A partir de 2004 había cinco mil enfermedades genéticas conocidas, y el potencial para tratar estas enfermedades utilizando animales transgénicos es, quizás, una de las aplicaciones más prometedoras de los transgenes. Existe la posibilidad de usar la terapia génica humana para reemplazar un gen mutado con una copia no mutada de un transgén para tratar el trastorno genético. Esto se puede hacer mediante el uso de Cre-Lox o knockout. Además, se están estudiando los trastornos genéticos mediante el uso de ratones, cerdos, conejos y ratas transgénicos. Se han creado conejos transgénicos para estudiar las arritmias cardíacas hereditarias, ya que el corazón del conejo se parece mucho más al corazón humano en comparación con el del ratón. Más recientemente, los científicos también han comenzado a utilizar cabras transgénicas para estudiar trastornos genéticos relacionados con la fertilidad.

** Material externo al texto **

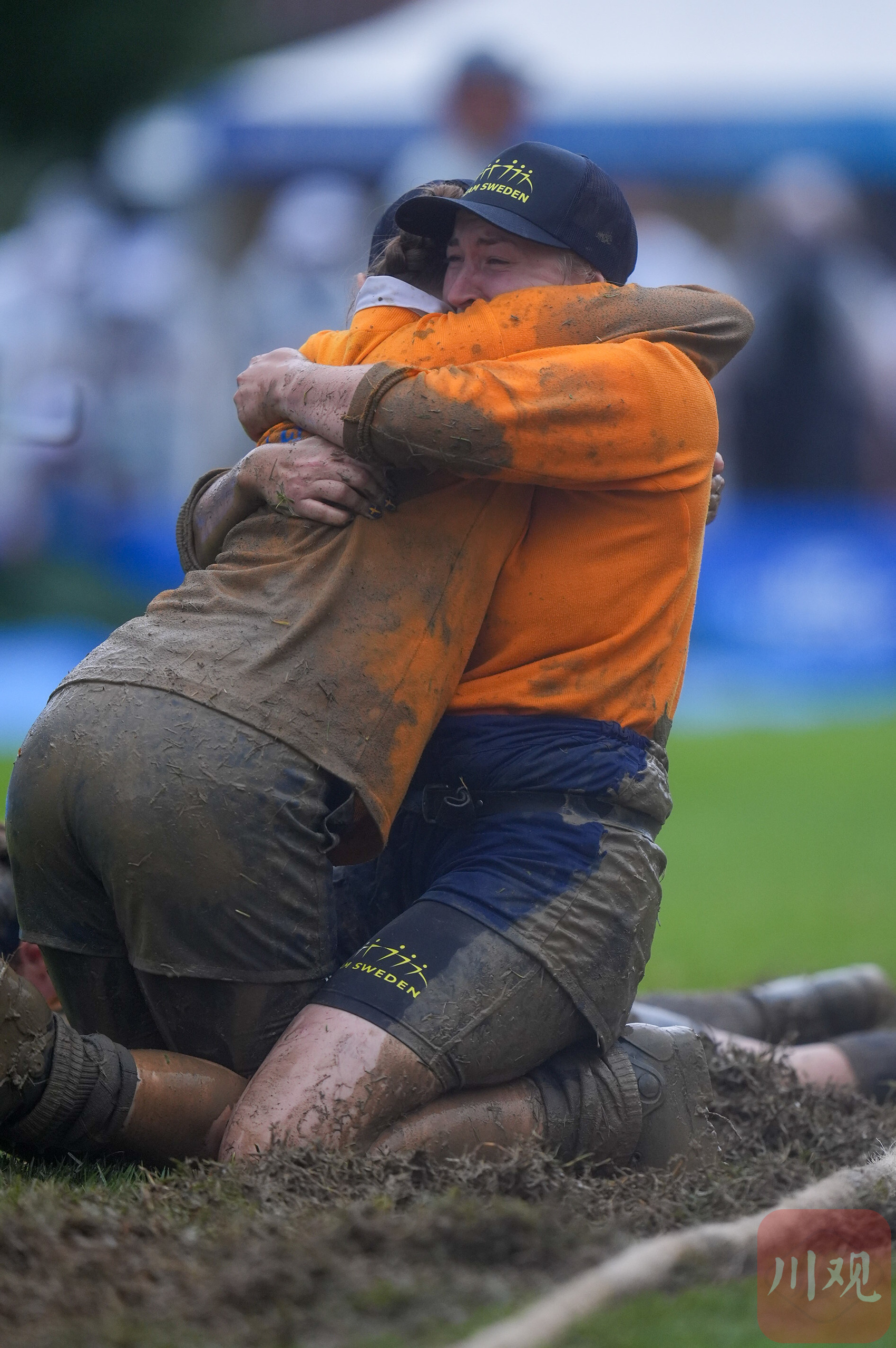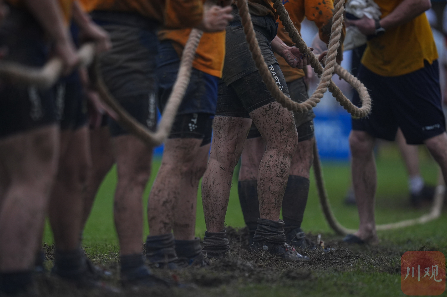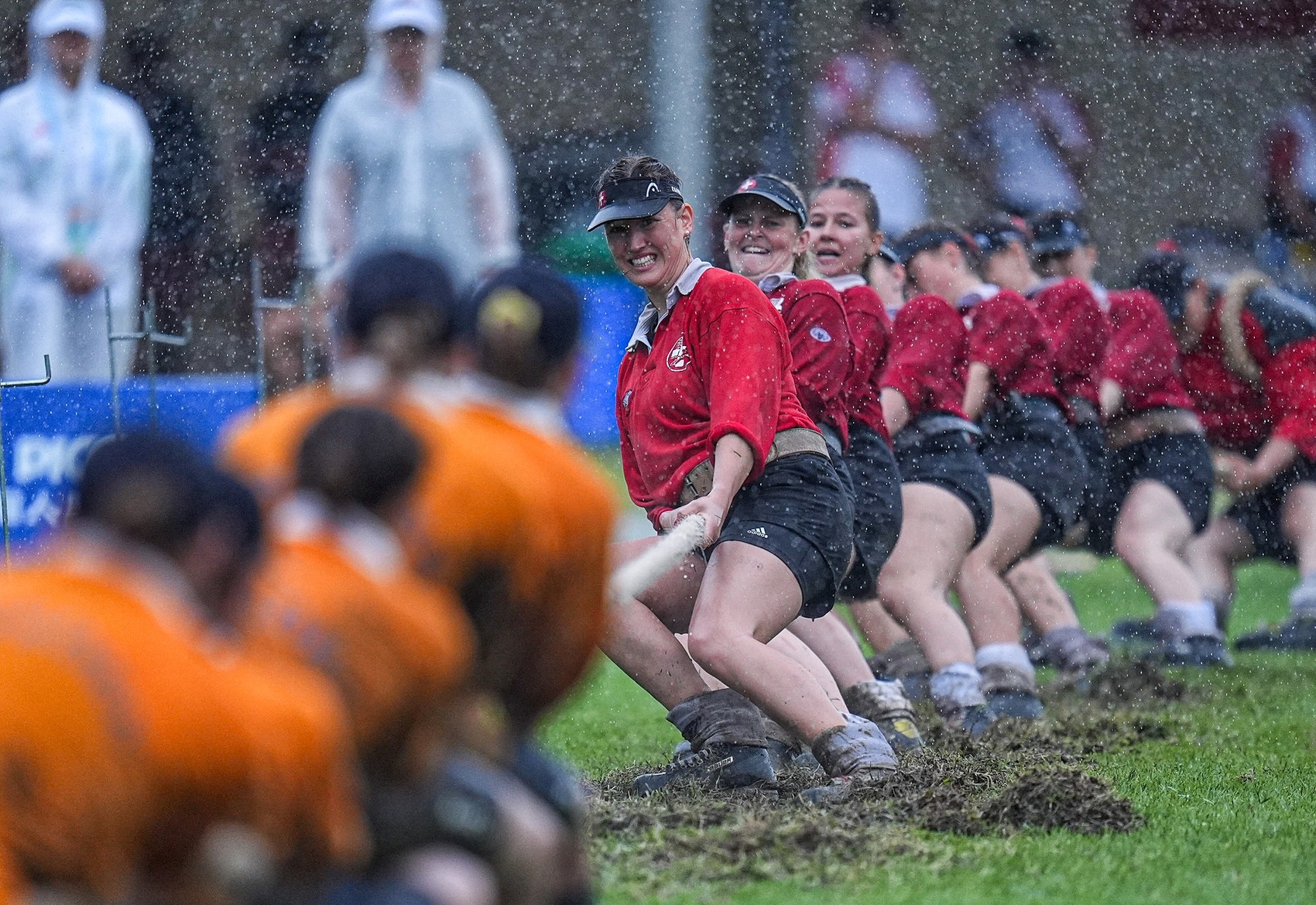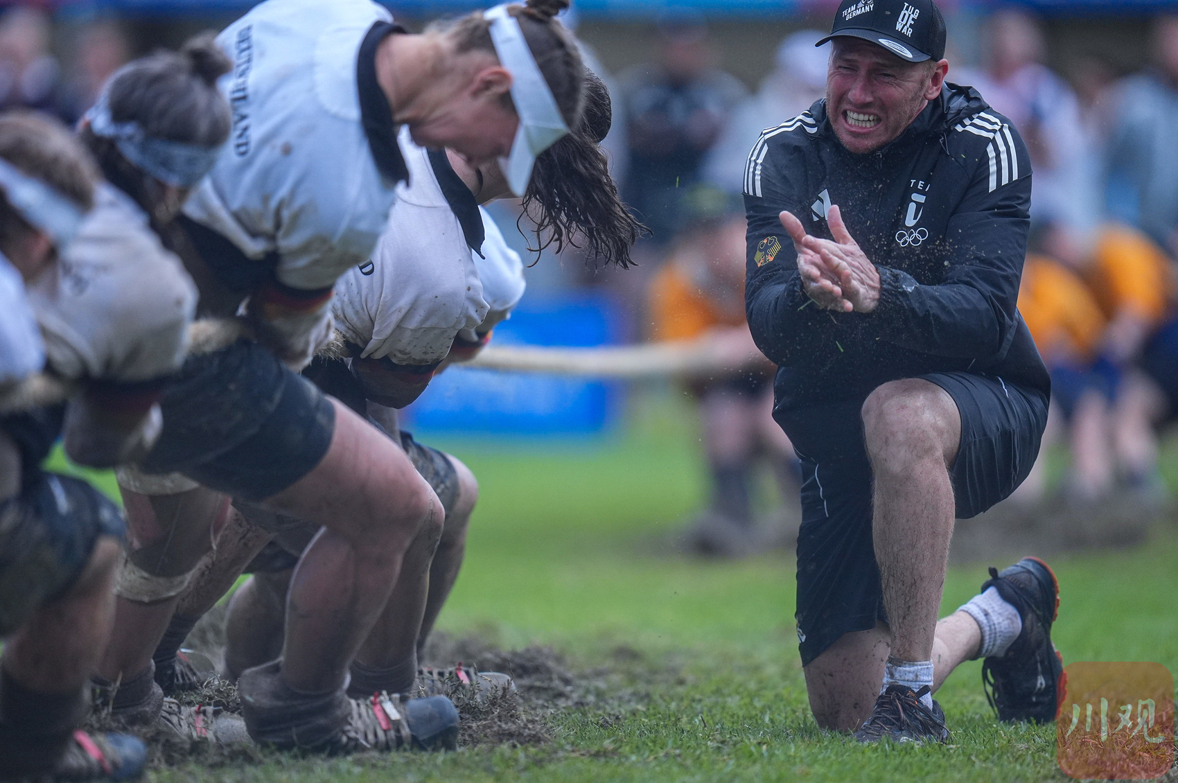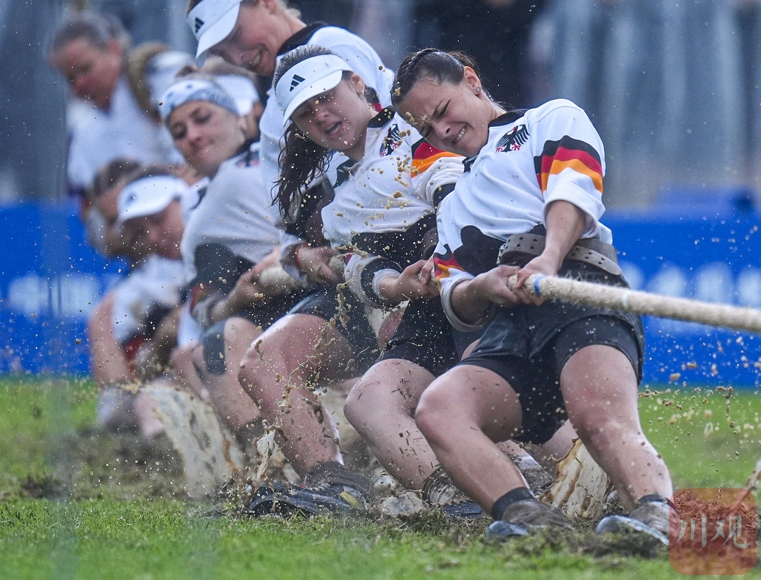 世运会女子拔河比赛,风雨无阻战犹酣。
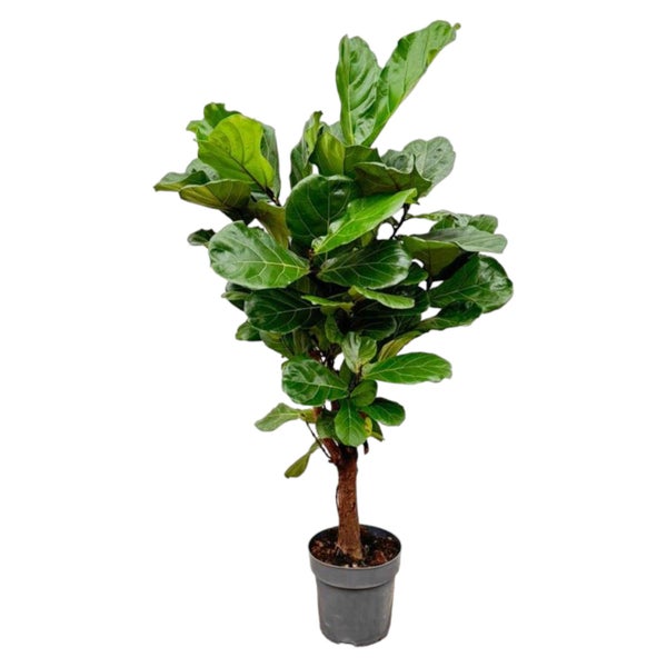 Die Ficus Lyrata, auch bekannt als Geigenfeige, hat große, glänzende Blätter, die eine einzigartige Geigenform haben.

Pueden usarse transgenes para xenotrasplantes de órganos de cerdo. A través del estudio del rechazo de xenoórganos, se encontró que ocurre un rechazo agudo del órgano trasplantado al contacto del órgano con la sangre del receptor debido al reconocimiento de anticuerpos extraños en las células endoteliales del órgano trasplantado. Los científicos han identificado el antígeno en cerdos que provoca esta reacción y, por lo tanto, pueden trasplantar el órgano sin un rechazo inmediato mediante la eliminación del antígeno. Sin embargo, el antígeno comienza a expresarse más tarde y se produce el rechazo. Por lo tanto, se están realizando más investigaciones. Microorganismos transgénicos capaces de producir proteínas catalíticas o enzimas que aumentan la velocidad de las reacciones industriales.

Controversia ética

Actualmente, el uso de transgenes en humanos está plagado de problemas. La transformación de genes en células humanas aún no se ha perfeccionado. El ejemplo más famoso de esto involucró a ciertos pacientes que desarrollaron leucemia de células T después de haber sido tratados por inmunodeficiencia combinada severa ligada al cromosoma X (X-SCID). Esto se atribuyó a la proximidad del gen insertado al promotor LMO2, que controla la transcripción del protooncogén LMO2.